▶ Records:
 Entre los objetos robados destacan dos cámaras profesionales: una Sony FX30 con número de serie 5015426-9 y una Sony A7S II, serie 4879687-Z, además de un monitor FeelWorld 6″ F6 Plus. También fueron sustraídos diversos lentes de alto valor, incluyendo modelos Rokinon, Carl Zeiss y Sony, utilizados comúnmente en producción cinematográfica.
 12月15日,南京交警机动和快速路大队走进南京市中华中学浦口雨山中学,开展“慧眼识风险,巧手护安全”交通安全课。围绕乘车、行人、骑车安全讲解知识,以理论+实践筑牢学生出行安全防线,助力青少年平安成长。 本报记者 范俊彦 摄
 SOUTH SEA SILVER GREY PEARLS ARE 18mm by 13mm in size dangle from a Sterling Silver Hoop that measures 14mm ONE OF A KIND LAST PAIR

--

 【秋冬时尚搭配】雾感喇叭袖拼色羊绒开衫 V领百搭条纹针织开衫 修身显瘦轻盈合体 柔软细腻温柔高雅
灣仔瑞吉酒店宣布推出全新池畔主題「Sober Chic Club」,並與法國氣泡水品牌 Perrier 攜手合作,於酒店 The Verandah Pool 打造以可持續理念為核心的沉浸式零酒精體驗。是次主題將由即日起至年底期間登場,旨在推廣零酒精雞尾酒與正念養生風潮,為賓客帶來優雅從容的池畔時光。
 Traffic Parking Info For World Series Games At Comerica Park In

--

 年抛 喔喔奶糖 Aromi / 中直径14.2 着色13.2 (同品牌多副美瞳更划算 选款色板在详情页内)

▶ Task item: Exactly the lines above from the one with "V领百搭条纹针织开衫 修身显瘦轻盈合体 柔软细腻温柔高雅" to the one with "Traffic Parking Info", both included, are to be quoted; leave the rest out.

▶ Exercise result:
 【秋冬时尚搭配】雾感喇叭袖拼色羊绒开衫 V领百搭条纹针织开衫 修身显瘦轻盈合体 柔软细腻温柔高雅
灣仔瑞吉酒店宣布推出全新池畔主題「Sober Chic Club」,並與法國氣泡水品牌 Perrier 攜手合作,於酒店 The Verandah Pool 打造以可持續理念為核心的沉浸式零酒精體驗。是次主題將由即日起至年底期間登場,旨在推廣零酒精雞尾酒與正念養生風潮,為賓客帶來優雅從容的池畔時光。
 Traffic Parking Info For World Series Games At Comerica Park In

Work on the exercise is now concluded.